Finally, the tested materials are returned to the bot — and he sends the results to the users, considering ograniczenia on the frequency of messages from bots, set Bot API Telegram.

Users can check links and files in private mode (to send to bot suspicious content or to forward messages received from other users) and group chat — if you add a bot to the chat participants, it will be triggered for all files and links in the chat.

Bot runs in two modes: quiet and normal. In normal mode, the bot responds to each file or link, and sends a message that the link is safe or not recommended file to download. If the bot will behave in group chat, it can prevent people to communicate, so we did "quiet" mode. In this mode, the bot gives the signal only when the file or link in the chat contain the threat and warns users from rash tap or click. Error messages check come in "quiet" mode — otherwise, not waiting for an answer, the user could mistakenly think that the link or the file has been successfully tested and safe. Choose a mode by using the command /mode.
With the development of the API we will implement new features if they will be useful for our purposes.
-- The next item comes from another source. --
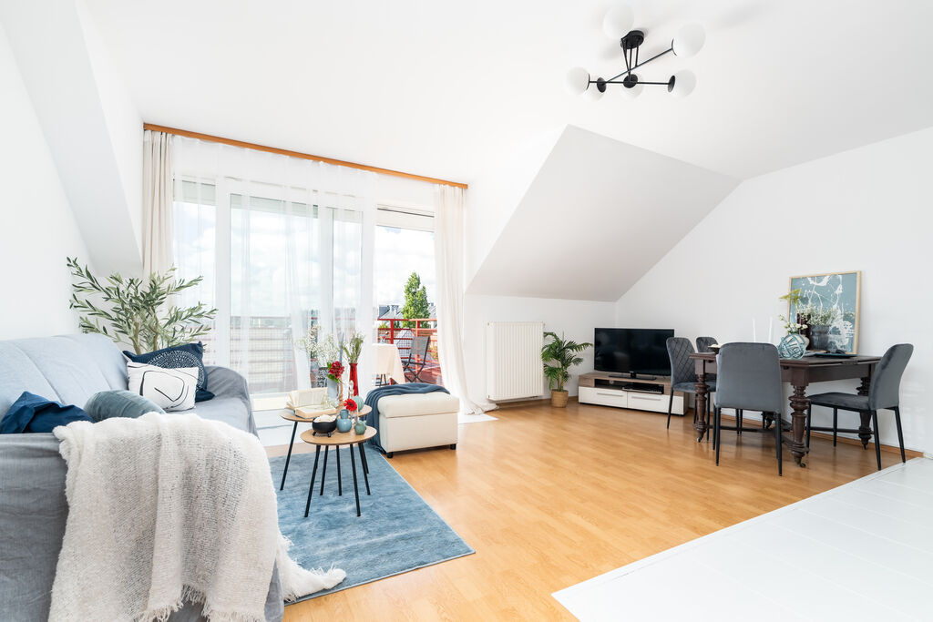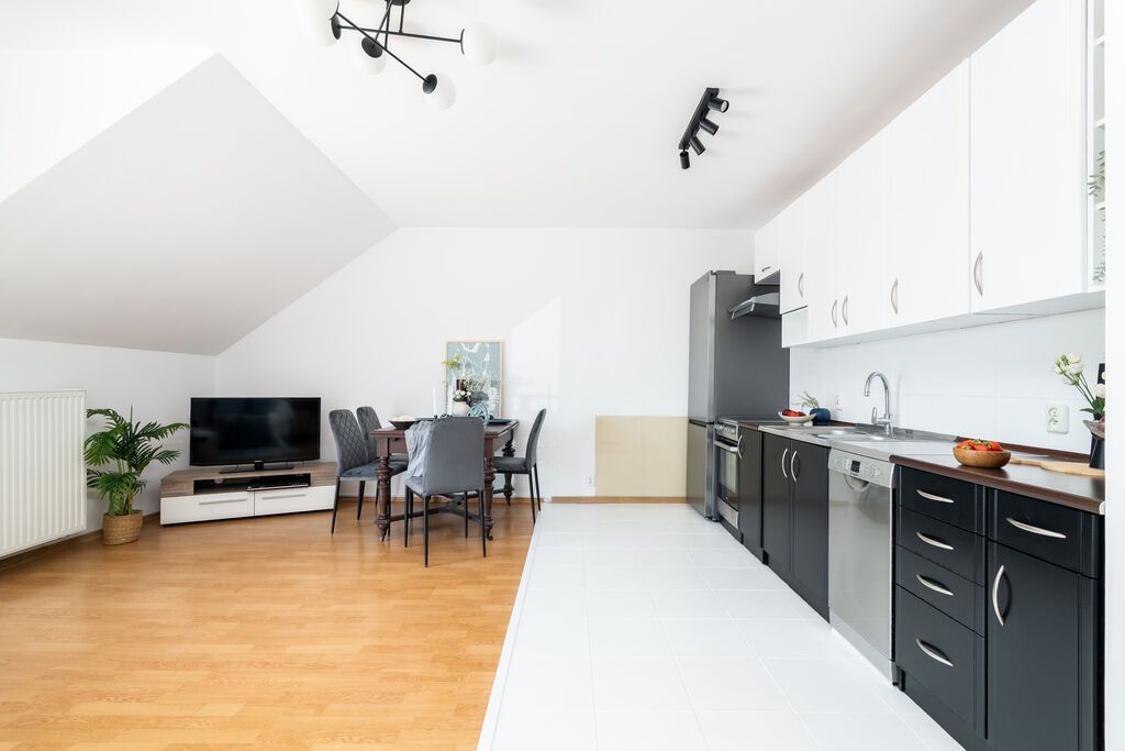 – Przestronny salon z aneksem kuchennym i wyjściem na balkon
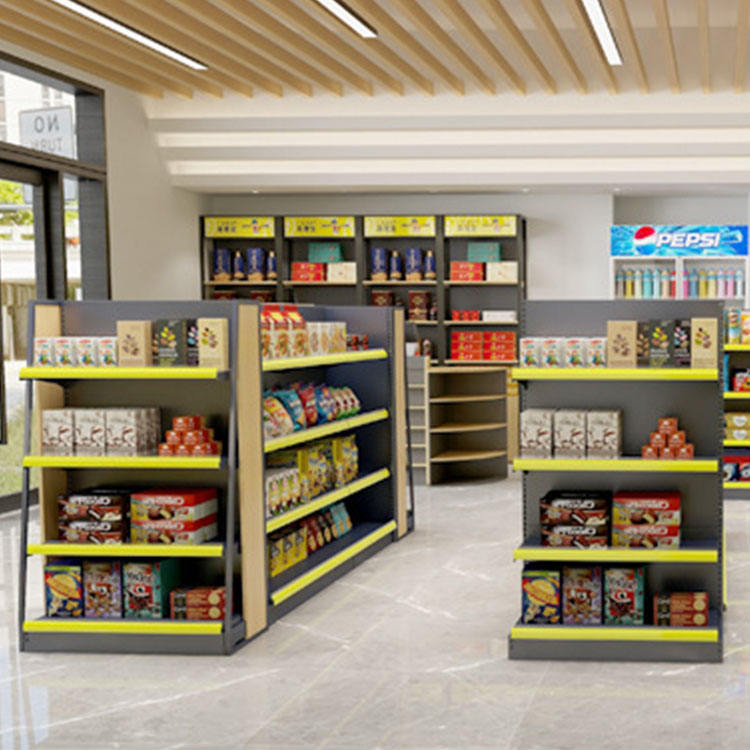 ชั้นวางของในซูเปอร์มาร์เก็ตแบบเบาชั้นวางของสำหรับร้านค้าปลีกทำจากไม้โลหะชั้นวางของสำหรับร้านขายของชำและร้านสะดวกซื้อ

Not long ago, the Telegram, introduced the use of bots in inline mode without adding a bot in the chat while this mechanism does not allow to pass to the bot the file for review, but we are considering its use. In next updates we plan to make the bot faster and more reliable, continuously monitor the users ' feedbacks.

A few words about localization (since it is not only my profession but also passion): our bot is able to communicate in Russian, English or German. Particular difficulties were not, we use the gettext library, and localization files are stored in format .po.

As a rule, all texts for our products is written in an official style, so curious new experience was the use of Emoji in text resource files in OS X are supported out of the box, in Ubuntu it was enough to add a font to the system (sudo apt-get install ttf-ancient-fonts), and in Windows it took tricks that translators could see emasdi in the localization files. We tried to insert Emoji in .po files using codes, but not all operating systems can read (for example, users desktop clients for Windows seen instead text codes). Apparently, the two reasonable solutions: either choose an editor .po files, which displays all the emoticons, or replace them with codes, but to convert into Emoji on our side. We think the second option but anyway, the user of the torment will not even notice.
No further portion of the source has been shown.